Mirar al resto del mundo permite apreciar mejor lo que sucede en la tierra propia. Hace veintitrés años que Argentina salió del terrorismo de Estado y de una guerra en el Atlántico Sur, pero todavía sus consecuencias son heridas abiertas en el cuerpo nacional. Después de treinta años, los crímenes de la Triple A recién están llegando a los tribunales, porque ya sus protectores no tienen fuerzas para impedirlo. Los analistas que se pierden en el laberinto de las intrigas de palacio opinan que la detención de la viuda de Perón, solicitada por un juez mendocino, es un acto más de la interna peronista, incapaces de comprender hasta qué punto maduró el asco social por todo lo que huela a impunidad.

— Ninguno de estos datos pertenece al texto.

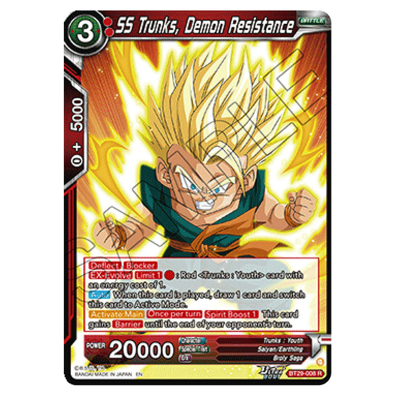 SS Trunks, Demon Resistance is a Rare, BATTLE card from the Dragon Ball Super set Fearsome Rivals (BT29-008)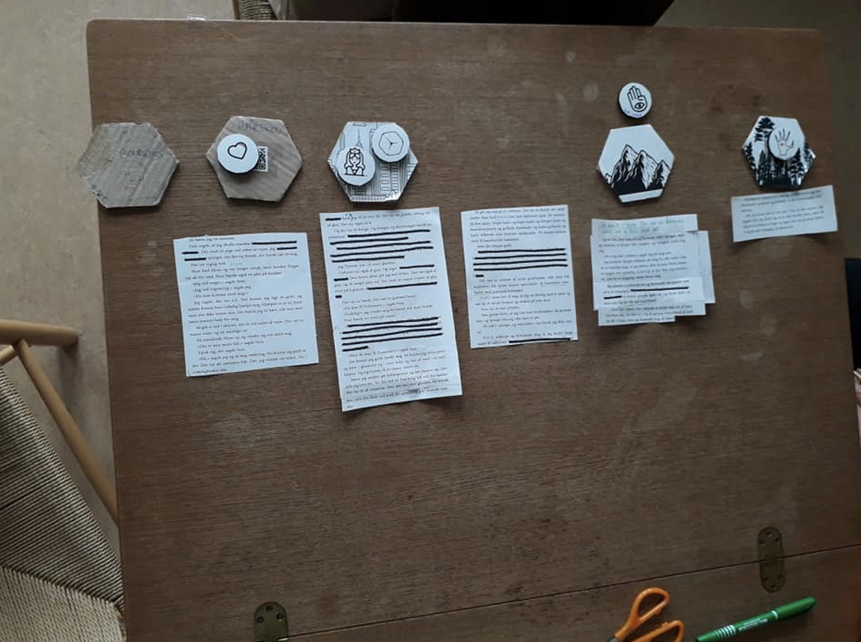After sketching the raw ideas of the game, my colleague (Lene Illum Skov) and I went through the first initiating design workshop. The aim of the workshop was to get closer to which elements we wanted to include in the game and how these would serve a specific purpose in regard to supporting the students’ creation of interactive stories.

Han pasado cinco años desde la crisis institucional que tumbó al gobierno de la Alianza y, en varios sentidos, canceló la hegemonía conservadora que gobernó la década de los ’90, pero aún la pobreza hace estragos en millones de hogares argentinos y la redistribución de la riqueza en términos de equidad, cuando menos, es resistida con todo el poder que conservan las minorías privilegiadas.
La construcción del Estado de derecho, después de cinco presidencias elegidas en las urnas y otras tantas de facto, todavía está en obra y su ausencia o su incapacidad para ejercer la autoridad sigue haciendo estragos. A modo de referencias: el asesinato de un adolescente en un patrullero policial de Los Hornos, otro entre tantos casos individuales, aunque esta vez los asesinos y encubridores han sido detenidos, y también en una escala aún más estremecedora, si cabe, es el descontrol en las rutas del transporte automotor que cobra varios miles de vidas cada año, con estadísticas trágicas que aumentan cada semana. Sin hablar de los desastres naturales, como los temporales que esta semana arrasaron Tucumán, que no son tan imprevisibles como pretenden los argumentos de la irresponsabilidad. Esta semana, la comisión de medio ambiente de la Unión Europea presentó un informe sobre los peligros inminentes derivados del recalentamiento global, entre ellos las modificaciones bruscas y devastadoras del clima, llamando a los Estados a tomar cartas en el asunto. Las sociedades civiles, por su parte, tampoco pueden permanecer inertes o inactivas, a pesar de que no siempre acierten con los mejores métodos y formas de lucha para conseguir que los gobiernos atiendan los intereses populares. El conflicto de Gualeguaychú, un ejemplo de resistencia mal utilizada, ayer comenzó a derivar hacia el callejón sin salida de la izquierda vocinglera, siempre disponible para apoyar todo lo que esté en contra de algo o alguien. La necesidad de reflexión cultural y política no es cuestión de especialistas o académicos, sino un imperativo social para encontrar el rumbo hacia el futuro.